Accelerating Sustainability in Fashion, Clothing & Textiles is a thirty-four-chapter book that collates leading-edge research and industry best practices to provide a ‘one-stop shop’ exploring the complex and interconnected issues surrounding sustainability in fashion, clothing, and textiles. The practical and digestible chapters include innovative examples and perspectives from different regions of the globe, addressing topics from policies to supply chain issues and materials innovation.
Chapter 31, Fashion Ex Machina: Human–Machine Collaboration to Support Sustainability through Customized Design and Production, written by Elizabeth Bigger et al., discusses transitions toward sustainable bespoke production for Industry 5.0, agile fashion system requirements, emerging processes, and human-machine collaboration.
Elizabeth’s work with generative garment design for sustainability is discussed using Grasshopper in Rhino.
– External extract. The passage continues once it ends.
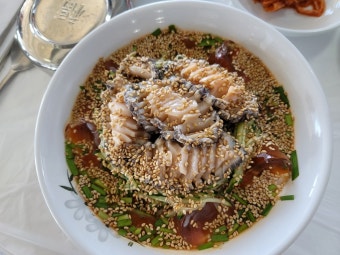 곰막 식당의 또 다른 인기 메뉴는 바로 회국수입니다. 탱글탱글한 면발 위에 신선한 회를 듬뿍 올리고, 달콤하면서도 새콤한 양념장을 비벼 먹는 이 메뉴는 입안 가득 제주 바다의 신선함을 전해줍니다. 회와 양념장이 조화를 이루면서 느끼하지 않고 깔끔한 뒷맛을 남기기 때문에, 더운 여름철에는 특히 인기 있는 메뉴입니다. 많은 관광객이 곰막 식당을 방문하면 반드시 주문하는 메뉴로 꼽히며, 회국수를 먹고 나면 “제주에 왔다”는 실감이 날 정도로 현지 감성이 물씬 풍깁니다.

Parametric fashion patterns created in Grasshopper then use the generative evolutionary solver Galapagos for multi-objective optimization of the garment design. The fashion industry is a wicked problem because of the interdependent factors of garment design and production that create significant climate problems (6-10% of global emissions). Using Galapagos for multi-objective optimization solves many interdependent sustainable design issues at once in the design phase.
The book was edited by Professor Martin Charter, Dr. Bernice Pan, and Professor Sandy Black and is available from Rutledge Publishing UK.